1 The Alexandria City Circuit Court ultimately denied the motion. ECF No. 11-2 at 2. The Court’s power to adjudicate state common law claims is limited, to be invoked only where diversity jurisdiction exists. Lekoba v. Oboa-Frank, No. GJH-16-2627, 2016 WL 4059347, at *2 (D. Md. July 28, 2016); Koster v. (Am.) Lumbermens Mut. Cas. Co., 330 U.S. 518, 522 (1947). Diversity jurisdiction is proper where the amount in controversy exceeds $75,000 and where no plaintiff is a citizen of the same state as any defendant. 28 U.S.C. § 1332(a); see Johnson v. Am. Towers, LLC, 781 F.3d 693, 704 (4th Cir. 2015). The Complaint, therefore, must make plausible that the plaintiff “claims a sum sufficient to satisfy the statutory

requirement;” dismissal for failure to assert a sufficient amount in controversy is proper only if “to a legal certainty . . . the plaintiff cannot recover the amount claimed.” JTH Tax, Inc. v. Frashier, 624 F.3d 635, 638 (4th Cir. 2010) (internal citation and quotation marks omitted).

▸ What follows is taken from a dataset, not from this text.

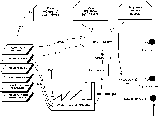 3.1. АО “ГМК Печенганикель” Общие сведения о предприятии АО “ГМК Печенганикель” расположен в северо-западной части Кольского полуострова у границы с Норвегией на двух промплощадках: в г. Заполярном и п. Никель. В состав комбината входят 2 подземных рудника, 2 карьера, обогатительная фабрика, цех обжига, плавильный и сернокислотный цеха, автотранспортный, железнодорожный и другие цеха обеспечения производства. Комбинат производит добычу сульфидной медно-никелевой руды, ее обогащение и металлургическую переработку до файнштейна. Технологическая схема производства показана на рис.2. Ежегодно добывается около 7.5 млн. т руды. Основу запасов составляют рядовые вкрапленные руды с содержанием никеля 0.5-0.6 % (95 % всех запасов). На долю богатых руд приходится 5 % запасов руд (12.4 % запасов металла).

A “legal impossibility of recovery” must “effectively negat[e] the plaintiff’s good faith in asserting the claim.” Id. at 638 (quoting Wiggins v. N. Am. Equitable Life Assurance Co., 644 F.2d 1014, 1017 (4th Cir.1981)). The parties do not dispute that complete diversity of citizenship exists between Jefferson and the Defendants. ECF No. 7-1 at 5; ECF No. 11-1 at 4. Rather, Defendants singularly contend that the Complaint fails to state an adequate amount in controversy. ECF No. 7-1 at 5; ECF No. 11-1 at 4. Defendants more particularly maintain that because Jefferson alleges only

$40,000 in punitive damages, which is unavailable as a matter of law to the breach of contract and fraud claims, diversity is lacking. ECF No. 7-1 at 5; ECF No. 11-1 at 4. Defendants are correct that under Virginia law, punitive damages are unavailable for contract claims, Sunrise Continuing Care, LLC v. Wright, 277 Va. 148, 156 (2009) (citing Kamlar Corp. v. Haley, 224 Va. 699, 705 (1983)), and only available for fraud committed with malice. Bennett v. 3M Co., Civ. No. 3:14-cv-198, 2014 WL 1493188, at *2 (E.D. Va. Apr. 15, 2014); see also Stallings v. DeAlto, 13 Va. Cir. 394 (1988) (“[P]unitive damages are not recoverable even in a fraud action in the absence of a showing of actual malice.”). Defendants also rightly point out that no facts make plausible any alleged fraud had been committed with malice—that is, “such recklessness or negligence as to evince a conscious disregard of the rights of others.” Condo. Servs., Inc. v. First Owners’ Ass’n of Forty Six Hundred Condo., Inc., 281 Va. 561, 580 (2011) (quoting Giant of Va., Inc. v. Pigg, 207 Va. 679, 685 (1967)). Nonetheless, the amount in controversy as applied to the claim for declaratory and injunctive relief is sufficient. ECF No. 1 ¶ 19. For declaratory relief, the amount in controversy

is measured by the value of the object of litigation. See Lang v. Wells Fargo Home Mortg., Inc., No. 3:13-cv-60, 2013 WL 12210772, at *3 (N.D.W. Va. Sept. 23, 2013). Where, as here, the plaintiff seeks to declare a contract void, “the amount in controversy . . . is the value of the contract to either party.” Id; cf. Lee v. Citimortgage, Inc., 739 F. Supp. 2d 940, 946 (E.D. Va. 2010) (amount in controversy is either the “direct pecuniary value of the right the plaintiff seeks to enforce, or the cost to the defendant of complying with any prospective equitable relief.”). For Jefferson, the value of the voided contract would be the balance owed at the time of repossession, or $84,667.68 minus the $2,412.33 he already paid, ECF No. 7-3 at 7, 20, 22 & 24. Because the Contract balance exceeds the $75,000 amount-in-controversy requirement, the Court retains diversity jurisdiction.

The Court next turns to the sufficiency of the claims. III. Failure to State a Claim A motion brought under Rule 12(b)(6) challenges whether the Complaint states a legally cognizable cause of action. When assessing the sufficiency of a claim, the Court must “accept the factual allegations in the complaint as true and construe them in the light most favorable to the nonmoving party.” Rockville Cars, LLC v. City of Rockville, 891 F.3d 141, 145 (4th Cir. 2018).